Decison tree is the type of machine learning . it can used for the classification and regression .it will split the data into the different branches based on the feature condition and final calss represent the predicted class or value.

**how it works?**

The tree is built using a recursive partitioning approach, selecting the best attribute at each step based on Entropy and Information Gain.

📝 note: Recursive partioning approach-is popular predictive modeling techniques.it creates a tree like structure based on data splits. it is simple to interpret using “if-then” rules.Handles classification and regression tasks.Efficient in pattern recognition for medical and data science applications.

Mathematical Calculation for Decision Tree Construction (ID3 Algorithm

**formulas:**
Entropy (E): Measures data impurity.
E(s)= -(p1*log2(p1)+p2*log2(p2))  .....equ(1)

p1 and p2 are positive and negative samples

information gain:

IG= E(s)-E(after)   ......equ(2)

   whereae , E(s)- total value entropy
             E(after)-weigted avaerage entropy
        
  E(after)= ∑ (|Sv|/|s| *E(Sv))   ......equ(3)
    𝑆
|S|= Total number of instance
|Sv|=number of instance in Sv (example under total, 5 number of rainy is there so it is |Sv| is 5)
sv = subset data value of s(example : weather it may be sunny or rainy entropy value )

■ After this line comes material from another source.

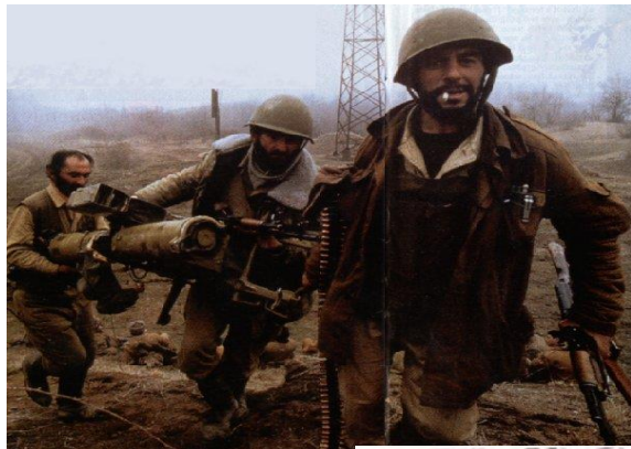
Guerillas in Nagorno-Karabakh.

**Example: Play cricket  Decision Tree**



| Day  | Outlook  | Temperature | Humidity | Windy  | Play |
|------|---------|------------|----------|--------|------|
| D1   | Rainy   | Hot        | High     | False  | No   |
| D2   | Rainy   | Hot        | High     | True   | No   |
| D3   | Overcast| Hot        | High     | False  | Yes  |
| D4   | Sunny   | Mild       | High     | False  | Yes  |
| D5   | Sunny   | Cool       | Normal   | False  | Yes  |
| D6   | Sunny   | Cool       | Normal   | True   | No   |
| D7   | Overcast| Cool       | Normal   | True   | Yes  |
| D8   | Rainy   | Mild       | High     | False  | No   |
| D9   | Rainy   | Cool       | Normal   | False  | Yes  |
| D10  | Sunny   | Mild       | Normal   | False  | Yes  |
| D11  | Rainy   | Mild       | Normal   | True   | Yes  |
| D12  | Overcast| Mild       | High     | True   | Yes  |
| D13  | Overcast| Hot        | Normal   | False  | Yes  |
| D14  | Sunny   | Mild       | High     | True   | No   |


step 1: Compute Entropy of the Whole Dataset  by using equation  1 
                    p+=9/14
                    p-=5/14
 so ,E(S)=0.940

 step 2: compute entropy for each attribute.
1. Entropy of Outlook
Outlook has 3 possible values: Sunny, Overcast, Rainy
   
| Outlook  | Play Yes | Play No | Total |
|----------|---------|---------|-------|
| Sunny    | 2       | 3       | 5     | 
| Overcast | 4       | 0       | 4     | 
| Rainy    | 3       | 2       | 5     | 
      
by applying equation 1 you will get entropy of sunny, overcast,rainy as 0.971,0,0.971
  after these apply equation 3 
    so, E(After) is  0.692
apply equation 2 :
        IG(weather)=0.247
           
2. Entropy of Humidity

| Humidity | Play Yes | Play No | Total |
|----------|---------|---------|-------|
| High     | 3       | 4       | 7     | 
| Normal   | 6       | 1       | 7     |  

   Entropy is 0.985 and 0.592 
     E(After) =0.789
     IG(humidity)=0.151
3. Entropy of Windy
| windy    | Play Yes | Play No | Total |
|----------|---------|---------|-------|
| True     | 3       | 3       | 6     | 
| Normal   | 6       | 2       | 8     | 
   Entropy is 1.0 and 0.811
     E(After) =0.891
     IG(windy)=0.049
4. Entropy of Temperature
|Tempara   | Play Yes | Play No | Total |
|----------|---------|---------|-------|
| hot    | 2       | 2       | 4     | 
| mild   | 4       | 2       | 6     | 
| cool   | 3       | 1       | 4     | 

    Entropy is 1.0 and 0.918
     E(After) =0.91
     IG(temp)=0.029

Step 3: Choosing the Best Attribute

Outlook has the highest Information Gain (0.247), we split the dataset based on Outlook first.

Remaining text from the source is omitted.